トップグループは山口を先頭に、柳川、井筒、森脇、北川の5台が形成。金曜日の走行から全セッションでトップタイムをマークしていた山口がトップに立ったことで、このまま独走体制に入るかと思われた。しかし、この日、レースを盛り上げたのは九州出身の柳川だった。柳川はカワサキのマシンテストなどでオートポリスは走り慣れたコース。どこをどう走ればタイムが縮まることも把握している。地元の応援を背に、7周目の1コーナーでやや強引に山口のインに入り込みトップを奪う。一方、同じく九州出身でセカンドグリッドからスタートした徳留和樹はトップグループに迫る走りを見せていたが、7周目に6位を走行中に転倒リタイアに終わっている。
徐々にポジションを上げてきた北川も7周目の1コーナーで井筒をかわして3位に上がると、第2ヘアピンで山口をかわして2位に、さらに9周目の第2ヘアピンで柳川をパスして、この日、初めてトップに立つ。しかし、レースの主導権を握っていたのは山口だった。山口は9周目に柳川をかわして2位に上がると、11周目のファイナルコーナースタンド前で北川のインにマシンをすべり込ませ再びトップに立つ。ここは昨年も山口が得意としているコーナーであり、パッシングポイントにしていた。そしてレース終盤になると、トップグループからは森脇が脱落。山口、柳川、北川の三つ巴の戦いとなり最終ラップを迎える。
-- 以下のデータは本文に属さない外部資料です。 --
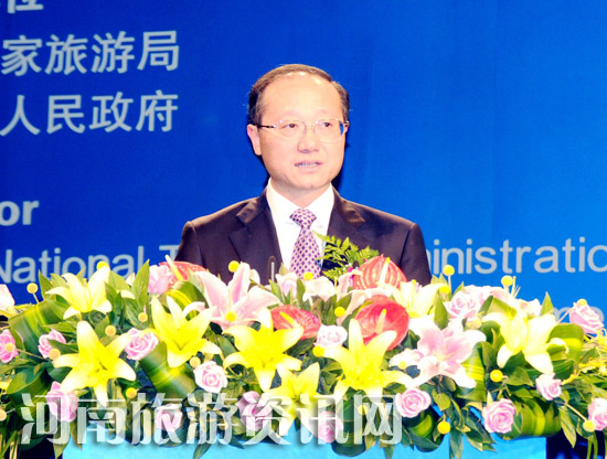 河南省旅游局局長(zhǎng)蘇福功(左一)等省旅游局領(lǐng)導(dǎo)參加市長(zhǎng)論壇主題會(huì)議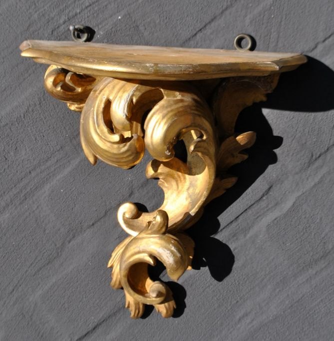 New rococo shelf in gilded wood, 19th century. H.: 26 cm. W.: 24.5 cm. D.: 14.5 cm.Item number: 28292
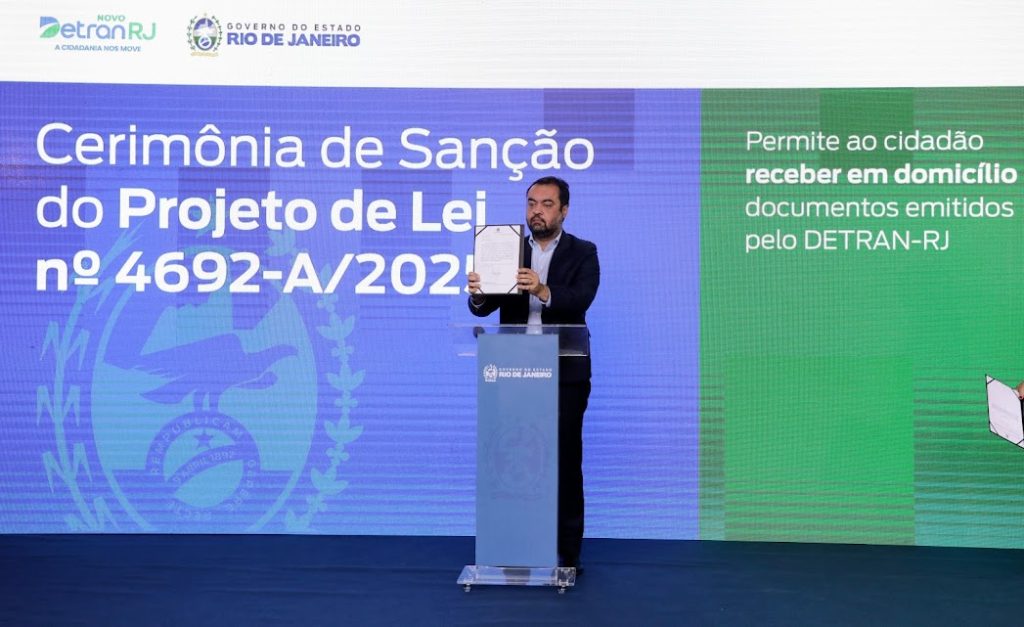 O governador Cláudio Castro sancionou nesta segunda-feira (05/05), a Lei 10.763/25, que autoriza o Detran RJ a entregar documentos em domicílio, e ampliou o serviço oferecendo a entrega gratuitamente. Com a assinatura realizada no Palácio Guanabara, a população fluminense poderá optar em receber em casa a Identidade Civil, a Carteira Nacional de Habilitação ou mesmo receber o Certificado de Registro e Licenciamento de Veículos (CRLV).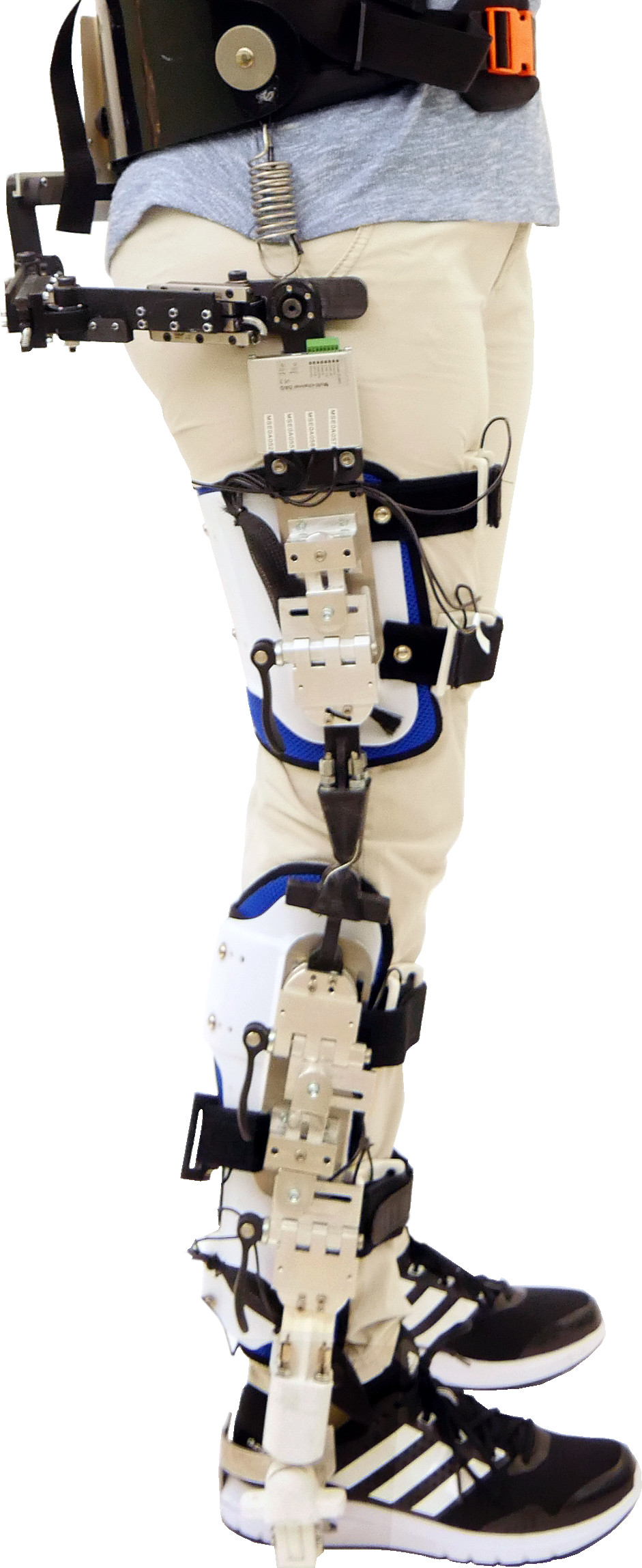 Inversion/Eversion, Innen-/Außenrotation und Dorsalflexion sind passive Freiheitsgrade, während die Plantarflexion durch die symmetrische, parallele Gelenkarchitektur aktiv unterstützt wird. Eine zentral montierte Aktoreinheit wird über einen individuell einstellbaren Hüftgurt, der nahe dem Schwerpunkt positioniert ist, am Körper des Benutzers befestigt, um die Kraftübertragung und den Komfort für den Benutzer zu verbessern. Das bilaterale Exoskelett wiegt 2,4 kg (1,2 kg pro Seite) und die zentrale Aktoreinheit 3,3 kg.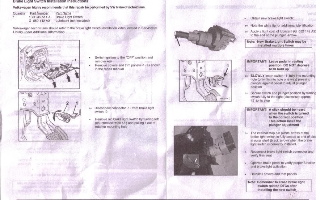 Con la nueva referencia 1C0 945 511 A RDW el procedimiento de instalación ha cambiado en un aspecto muy importante: no hay que mantener el freno pisado mientras se monta dicho interruptor, de hecho si lo hacemos quedará mal regulada la profundidad de pisada a la que encenderá las luces.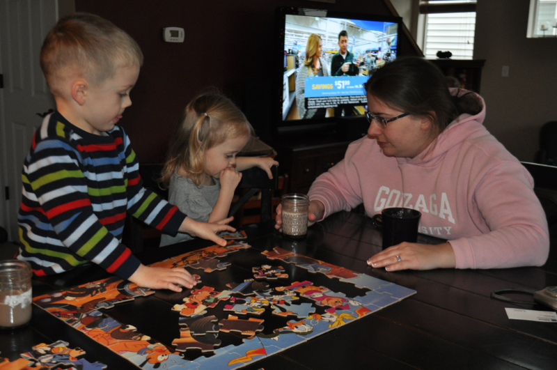 JT, Haley, and Aunt Jennifer worked on a puzzle while they drank hot cocoa. Such a fun morning!

ディフェンディングチャンピオンの意地を見せたい北川は、第2ヘアピンで柳川のインを刺すが、痛恨の転倒。そのままリタイアとなってしまう。柳川はニューマシンを2位に導き、北川の転倒で3位に入った森脇がJSB1000で初めて表彰台に上がる結果となった。4位には最終ラップに渡辺篤をかわした伊藤真一が入賞。渡辺はマシンセッティングが決まらず厳しいレースとなったが6位。以下、中冨伸一、井筒、浜口俊之、辻村猛、江口馨の順でチェッカーを受けている。